Any and all suggestions please!


----------



## Juneplum (Sep 1, 2006)

loreal h.i.p has pigments too tho i've never tried them..


----------



## ebonyannette (Sep 1, 2006)

Milani has some loose eyeshadow as well


----------



## jessiekins1 (Sep 1, 2006)

stila, mufe, annabelle, l'oreal, pure luxe, aromaleigh....


----------



## pumpkincat210 (Sep 1, 2006)

thanks.. runs of to look at them now..


----------



## eowyn797 (Sep 1, 2006)

you might also want to check out Belle Pierre...you have to e-mail them for locations near you, but persoanlly, i think they are AWESOME. the pigmentation is insane. everything they have is loose mineral powders and it's all very nice. i have their...i think it's called "Fabulous" 9-stack and i use it every day. the red they have is exactly like Accent Red on me.


----------



## eye_pr0mise (Sep 1, 2006)

Quote:

   Originally Posted by *Juneplum* 
_loreal h.i.p has pigments too tho i've never tried them.._

 
yea are these new .. i just noticed them yesterday when i was reading a magazine. lOl ..


----------



## Caderas (Sep 2, 2006)

and of course everyone knew bombshell bath, but they recently changed their name to fyrinnae.  but here's the link to them!

http://www.fyrinnae.com/


----------



## hannahjohnson (Sep 2, 2006)

I have a couple of the L'Oreal HIP pigments... they're not too good... color payoff is crappy, and you have to kinda "crush" the flake-like pigments on your lid, which is difficult without getting flakes/crushed powder in your eye... kinda sucky, if you ask me. I have the light green and fuchsia color. PLUS they're like 10 bucks! wtf they're like 1/3 the size of a M.A.C pigment, and they aren't even filled up! agh! 

x/o hannah.

questions, comments about this?


----------



## pumpkincat210 (Sep 2, 2006)

Quote:

   Originally Posted by *hannahjohnson* 
_I have a couple of the L'Oreal HIP pigments... they're not too good... color payoff is crappy, and you have to kinda "crush" the flake-like pigments on your lid, which is difficult without getting flakes/crushed powder in your eye... kinda sucky, if you ask me. I have the light green and fuchsia color. PLUS they're like 10 bucks! wtf they're like 1/3 the size of a M.A.C pigment, and they aren't even filled up! agh! 

x/o hannah.

questions, comments about this?_

 
I rather liked them.  They seemed to go on buttery and stay as long as other pigments when I use a base.  I have the green, purple and pink one.  I just wish they'd have more odd colors, but they do have a green brown color that looks interesting.
As for the price, i agree you should get more, but the brush is okay so i can justify it.


----------



## glittergoddess27 (Sep 8, 2006)

truecolors.com

They have pure mica colorants,.. they have literally no talc so they are kinda dusty,.. but they look so good! And last a lifetime unless you only use 1 color all the time. Foil them and you will be knocked down amazed.


----------



## sweetsugar (Sep 10, 2006)

I love the Barry M Dazzle Dusts!! But I think these are only available in the UK.


----------



## bellaetoile (Sep 10, 2006)

the l'oreal h.i.p. pigments are entirely unimpressive. per gram, they actually end up costing quite a bit MORE than MAC pigments, and the color payoff, and blendability are far inferior to MAC, as well. the only thing i can say is that the colors are somewhat comparable, you can tell which ones l'oreal planned to market as alternative counterpart to actual MAC shades.

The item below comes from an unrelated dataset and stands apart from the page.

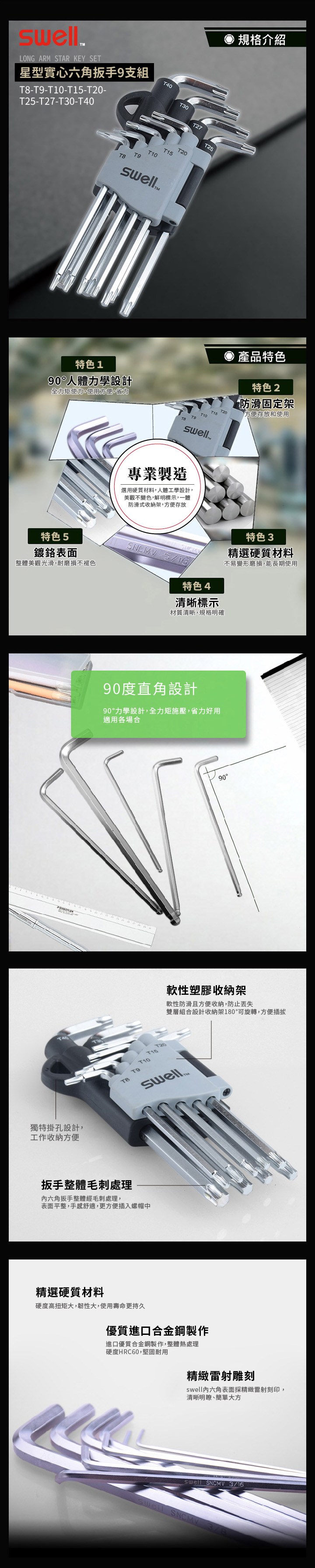 SWELL 星型實心六角扳手9支組T8-T40 (096-44TL)

the only other loose pigment products i've liked have been the stila all-over shimmers, which come in a range of 15 shades or so. they're smaller containers, and they cost around $16 if i remember correctly. they have a bright blue, and a bright green, which are particularly of note.


----------



## Selenite (Sep 19, 2006)

Amphigory.com has loose pigments.


----------



## DaizyDeath (Sep 19, 2006)

Ben Nye Lumier Loose Powder
I love that stuff
8.00 for a little bit more then you get with a mac pig and they have awesome colors.


----------



## MACtastic (Sep 20, 2006)

3 words: MUFE Star Powders. 

These babies are incredible. I actually like them better than MAC pigments (sorry ladies!)


----------



## Selene (Sep 23, 2006)

*Products similar to MAC Pigments?*

What other loose powder products similar to MAC pigments have you tried?  Which ones have you liked, and which have you not liked, and why?  Please specify which colors you have tried.  There are so many brands out there, and I don't know which are the best.

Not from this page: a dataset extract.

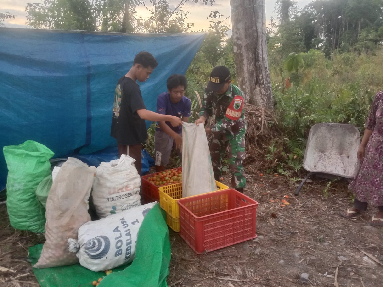 MANOKWARI – Guna menunjukkan perannya dalam mendukung ketahanan pangan di wilayah binaan. Babinsa Koramil 1801-03/Masni Sertu Sigit Irianto membantu petani dalam proses panen tomat di Kampung Muara Wareori Distrik Masni Kabupaten Manokwari, Provinsi Papua Barat, Jumat (14/03/2025).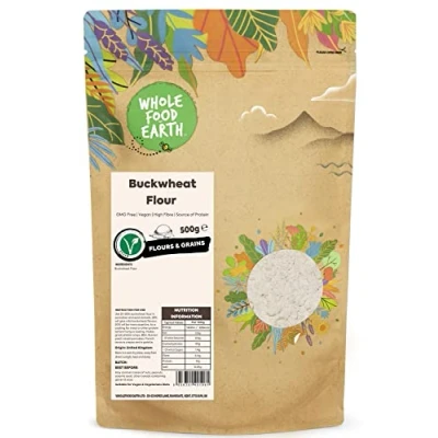 ✔ A WORLD OF GOODNESS: In a world full of fad diets, quick bites, and intricate recipes, don’t forget about the wonders of simple, nourishing food. We actively seek sustainable sources for our goods, asking our suppliers the tough questions that we know matter to our customers and making sure all our products are 100% GMO Free. We follow strict hygiene processes to provide the best quality ingredients and have achieved a maximum of 5 Start food hygiene ratings. ✔ Buckwheat Flour: Buckwheat is a plant farmed for its tiny, crispy groats, which have a characteristic triangular look and are both energising and nutritious. It's available all year and can be used as a substitute for rice or turned into a porridge. Other than raw buckwheat, there are other popular Buckwheat Preparations, the most popular of which are Buckwheat Flour and Roasted Buckwheat. ✔ HIGH-QUALITY INGREDIENTS: Buckwheat flour, which is commonly used in pancakes, is a high-fiber, high-protein alternative to white flour. Buckwheat flour outperforms white flour in every way, it can replace wheat flour in most (if not all) of your recipes! Buckwheat Flour is non-GMO and vegan-friendly. ✔ INSTRUCTION FOR USE: Use 25-50% buckwheat flour in pancakes and quick bread, 25% will give mild buckwheat flavour, and 50% will be more assertive. As a coating for meat or other protein before frying or baking. Makes great pliable wraps, Blini, Russian yeast-raised pancakes, French savoury crepes, and a galette. ✔ JUST THE GOOD STUFF / FULLY RECYCLABLE PACKAGING: We believe that good food shouldn’t cost the earth, as such, sustainability matters to us dearly. That’s why we work tirelessly to find sustainable solutions throughout our business. We rolled out all-new 100% recyclable packaging on Wholefood Earth products. The new packaging is apt for kerbside recycling. ✔ OUR STORY: Thank you for knowing It's what's on the inside that counts. For wanting a future without toxins in the food your children eat. For protecting the biodiversity that nurtures animal habitats and makes crops thrive. From everyone here at Wholefood Earth, thank you for using your buying power to make meaningful, informed choices that will continue to nourish our people and our planet today, tomorrow, and forever. We're here for a healthier earth, a sustainable earth, a wholesome earth.

What would you say are the best:

-natural shades
-mattes
-metallics
-bright colors
-iridescent colors


Thanks in advance.


----------



## Macnarsandlove (Sep 23, 2006)

|I tried loreal hip pigments and  I have the rebel (314)- a acid green. And the texture is horrible(too chunky). The coloris nice but not as vibrant as it looks!


----------



## Deirdre (Sep 23, 2006)

I've only tried four brands with products similar to MAC pigments.

Cecil B. - which I think is largely unavailable.  They used to have a store on Robson St. in Vancouver, and the pigments were super strong in colour, and you only needed a bit.  I still have them, over 20 years later!  And I wore them tons, when I was in my teens.

Tony and Tina Universal Colour Dust - You can still find these on Ebay, but it's getting more rare, daily.  The company went out of business in 2005.  I love these powders, and find them sheer, in one application, but can be built up.  They have an amazing iridescent quality, like a butterfly's wing, or a peacock's feather  -  I have about half a dozen colours, and love them all.

L'Oreal made some powder eyeshadows a few years ago (no, these aren't the HIP shadows) - they were okay, for the price, but I didn't like them as much as the other two.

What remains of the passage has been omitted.